### Task
Send each entry back exactly as given, pictures excluded.

### Listed entries
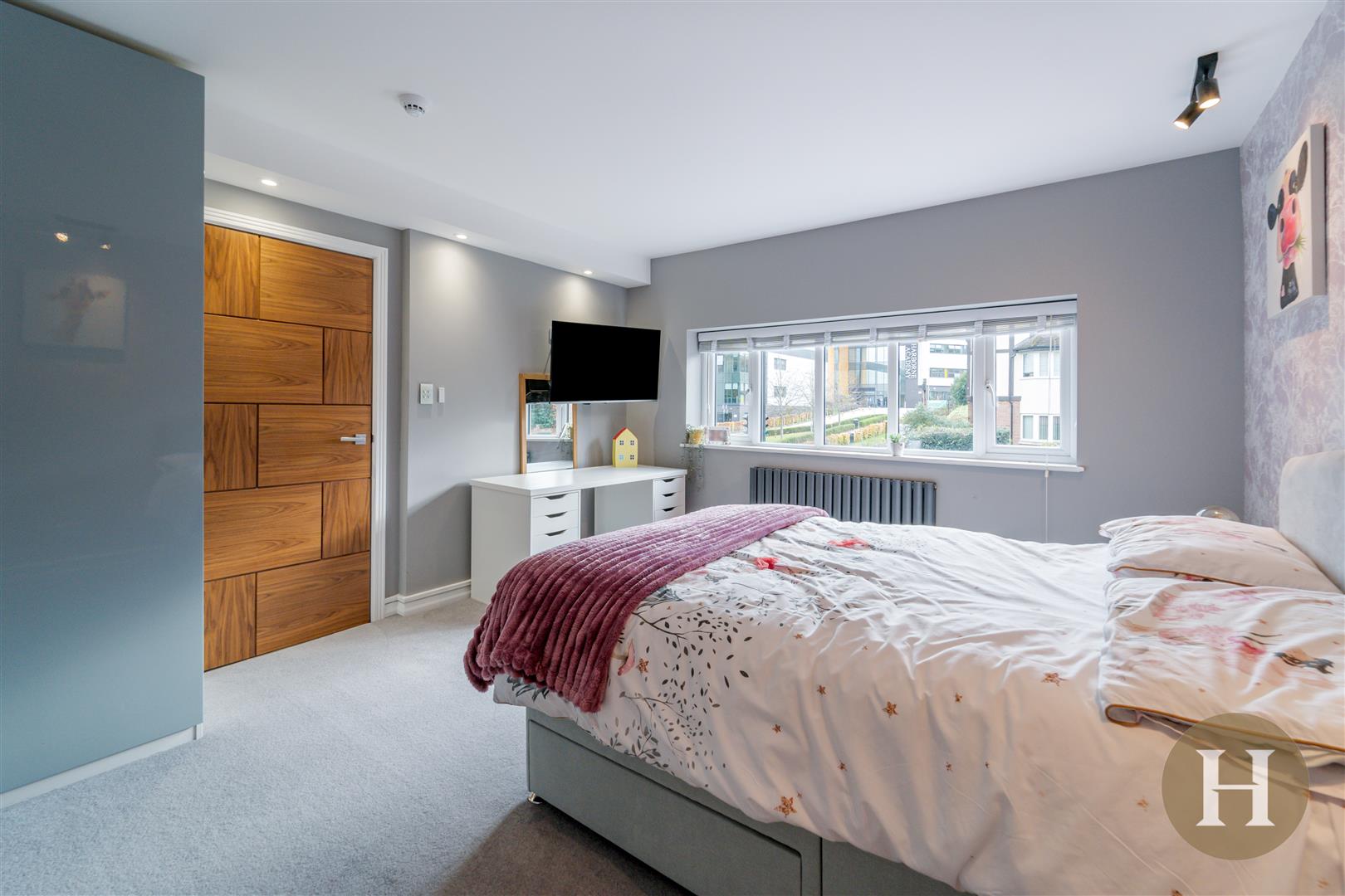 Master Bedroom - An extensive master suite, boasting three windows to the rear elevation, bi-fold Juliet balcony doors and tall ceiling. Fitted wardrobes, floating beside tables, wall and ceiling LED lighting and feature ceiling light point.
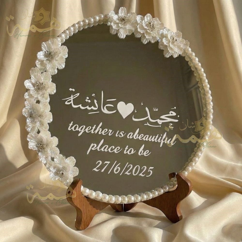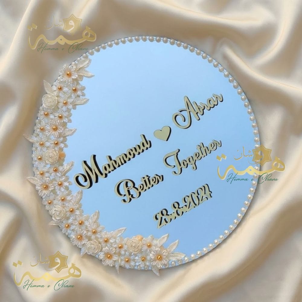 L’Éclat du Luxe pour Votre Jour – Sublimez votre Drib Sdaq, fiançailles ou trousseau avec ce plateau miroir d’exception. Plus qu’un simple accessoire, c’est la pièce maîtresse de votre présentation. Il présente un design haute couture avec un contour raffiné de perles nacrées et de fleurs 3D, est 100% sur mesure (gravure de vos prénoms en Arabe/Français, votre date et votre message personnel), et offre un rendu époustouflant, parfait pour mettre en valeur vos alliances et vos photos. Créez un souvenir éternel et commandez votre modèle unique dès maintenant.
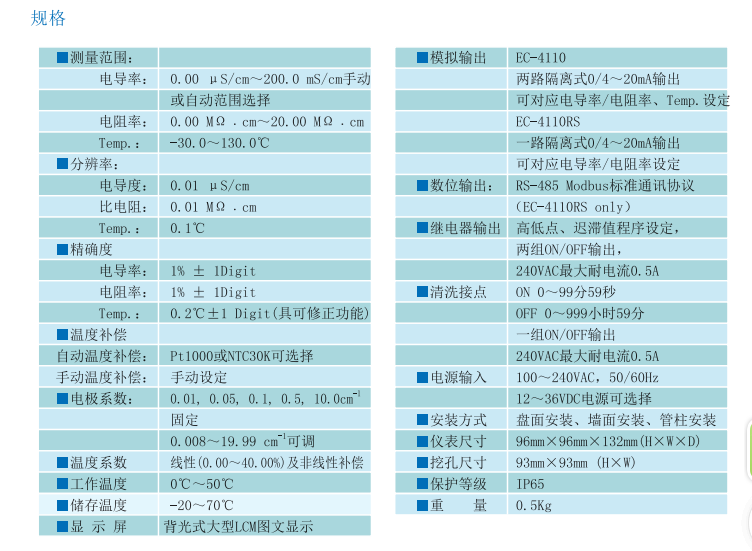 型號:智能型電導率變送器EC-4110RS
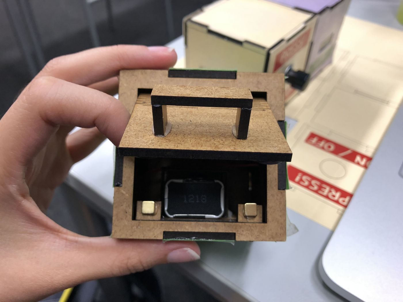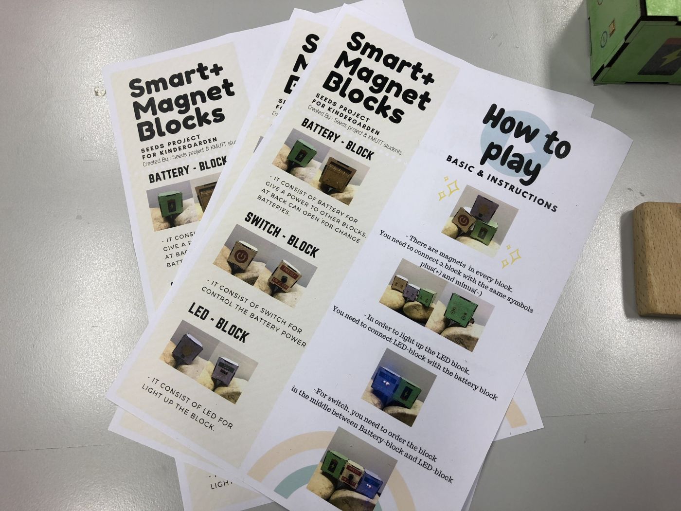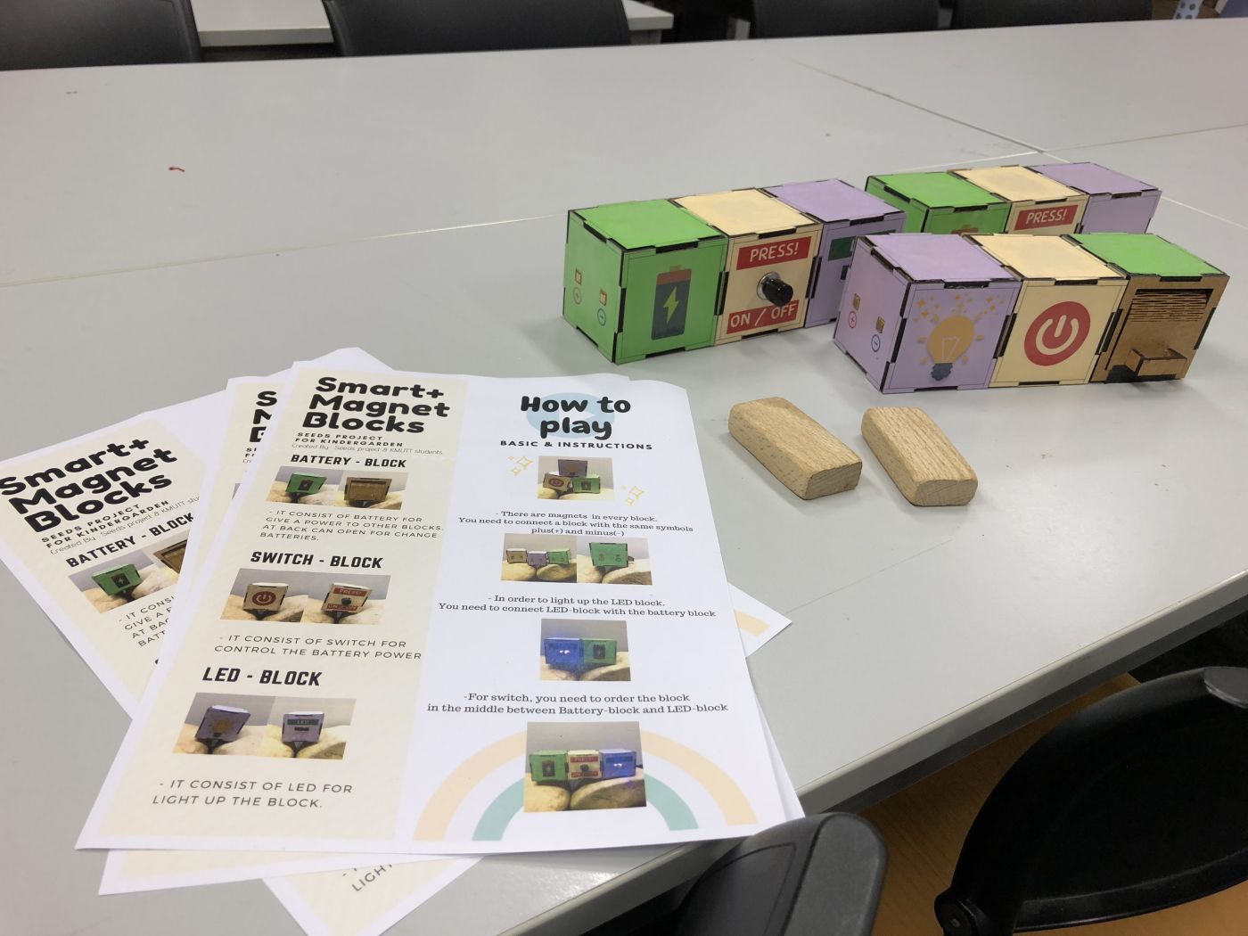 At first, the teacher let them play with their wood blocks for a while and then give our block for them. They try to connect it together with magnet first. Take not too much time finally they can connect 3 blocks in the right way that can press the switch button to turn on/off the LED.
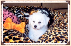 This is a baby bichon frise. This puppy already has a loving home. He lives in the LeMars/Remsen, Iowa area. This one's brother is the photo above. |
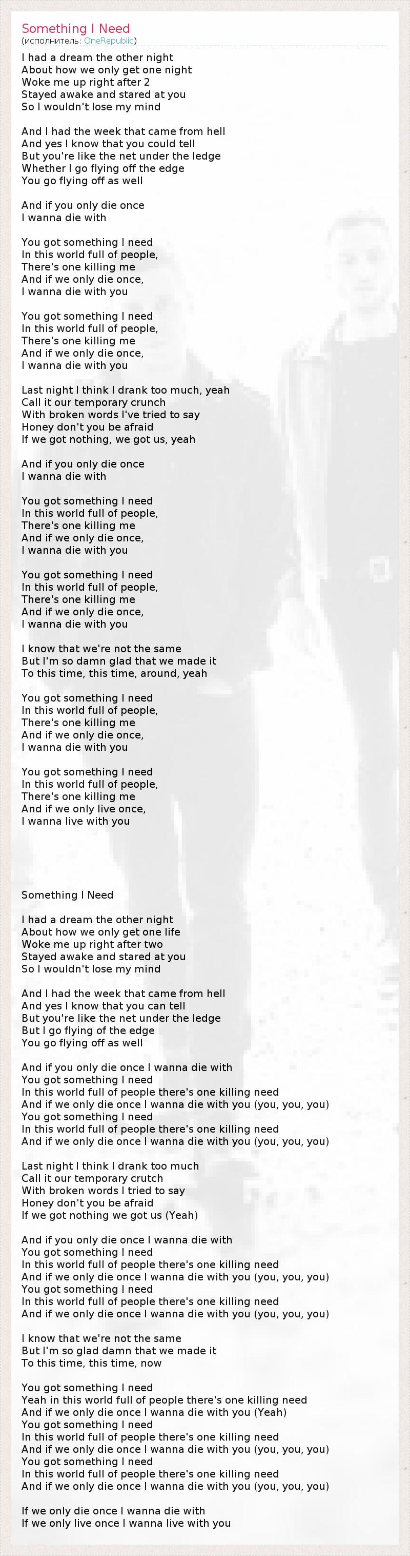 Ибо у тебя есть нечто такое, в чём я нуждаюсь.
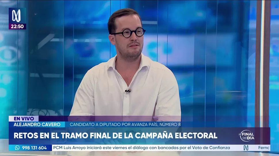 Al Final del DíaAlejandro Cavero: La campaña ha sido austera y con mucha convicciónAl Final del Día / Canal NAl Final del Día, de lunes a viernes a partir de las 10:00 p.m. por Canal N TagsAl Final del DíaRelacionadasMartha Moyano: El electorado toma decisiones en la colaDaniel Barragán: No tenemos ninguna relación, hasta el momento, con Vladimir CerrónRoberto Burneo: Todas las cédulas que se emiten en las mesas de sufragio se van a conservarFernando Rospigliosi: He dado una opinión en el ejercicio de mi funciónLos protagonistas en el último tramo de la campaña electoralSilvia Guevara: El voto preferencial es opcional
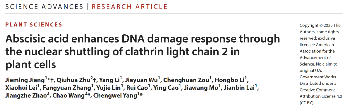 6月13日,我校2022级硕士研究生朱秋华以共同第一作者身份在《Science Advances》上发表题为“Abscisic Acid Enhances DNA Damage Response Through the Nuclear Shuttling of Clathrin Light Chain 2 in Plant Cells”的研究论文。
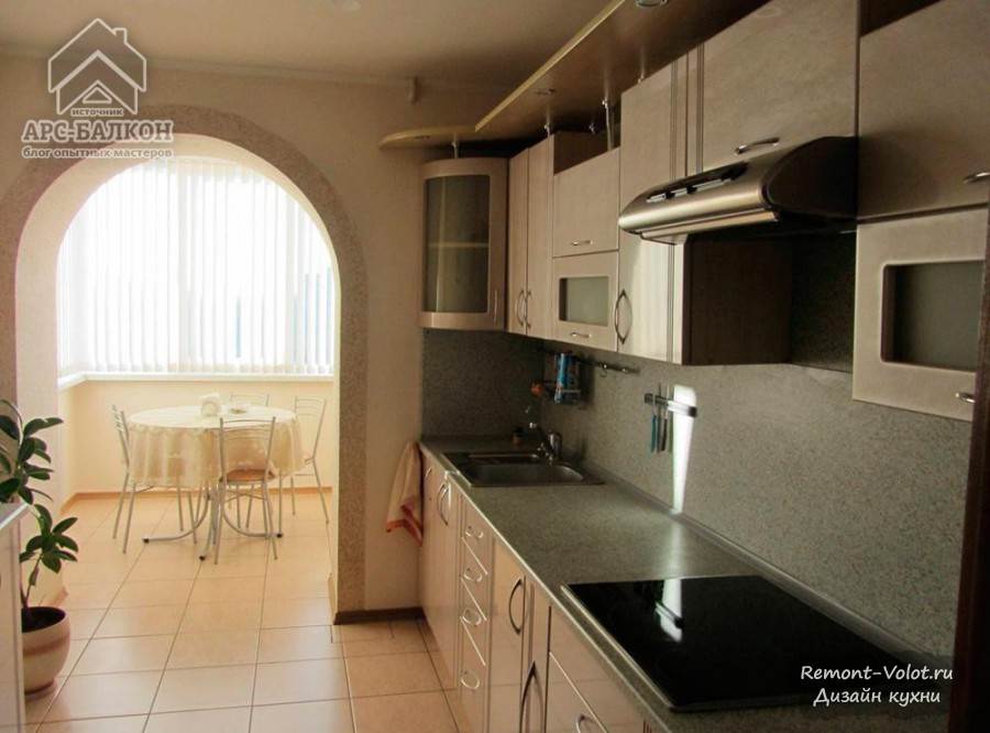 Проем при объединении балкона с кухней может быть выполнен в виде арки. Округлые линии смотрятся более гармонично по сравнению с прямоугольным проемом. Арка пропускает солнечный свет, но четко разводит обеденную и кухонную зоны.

### Result of this exercise
 Master Bedroom - An extensive master suite, boasting three windows to the rear elevation, bi-fold Juliet balcony doors and tall ceiling. Fitted wardrobes, floating beside tables, wall and ceiling LED lighting and feature ceiling light point.
 L’Éclat du Luxe pour Votre Jour – Sublimez votre Drib Sdaq, fiançailles ou trousseau avec ce plateau miroir d’exception. Plus qu’un simple accessoire, c’est la pièce maîtresse de votre présentation. Il présente un design haute couture avec un contour raffiné de perles nacrées et de fleurs 3D, est 100% sur mesure (gravure de vos prénoms en Arabe/Français, votre date et votre message personnel), et offre un rendu époustouflant, parfait pour mettre en valeur vos alliances et vos photos. Créez un souvenir éternel et commandez votre modèle unique dès maintenant.
 型號:智能型電導率變送器EC-4110RS
 At first, the teacher let them play with their wood blocks for a while and then give our block for them. They try to connect it together with magnet first. Take not too much time finally they can connect 3 blocks in the right way that can press the switch button to turn on/off the LED.
 This is a baby bichon frise. This puppy already has a loving home. He lives in the LeMars/Remsen, Iowa area. This one's brother is the photo above. |
 Ибо у тебя есть нечто такое, в чём я нуждаюсь.
 Al Final del DíaAlejandro Cavero: La campaña ha sido austera y con mucha convicciónAl Final del Día / Canal NAl Final del Día, de lunes a viernes a partir de las 10:00 p.m. por Canal N TagsAl Final del DíaRelacionadasMartha Moyano: El electorado toma decisiones en la colaDaniel Barragán: No tenemos ninguna relación, hasta el momento, con Vladimir CerrónRoberto Burneo: Todas las cédulas que se emiten en las mesas de sufragio se van a conservarFernando Rospigliosi: He dado una opinión en el ejercicio de mi funciónLos protagonistas en el último tramo de la campaña electoralSilvia Guevara: El voto preferencial es opcional
 6月13日,我校2022级硕士研究生朱秋华以共同第一作者身份在《Science Advances》上发表题为“Abscisic Acid Enhances DNA Damage Response Through the Nuclear Shuttling of Clathrin Light Chain 2 in Plant Cells”的研究论文。
 Проем при объединении балкона с кухней может быть выполнен в виде арки. Округлые линии смотрятся более гармонично по сравнению с прямоугольным проемом. Арка пропускает солнечный свет, но четко разводит обеденную и кухонную зоны.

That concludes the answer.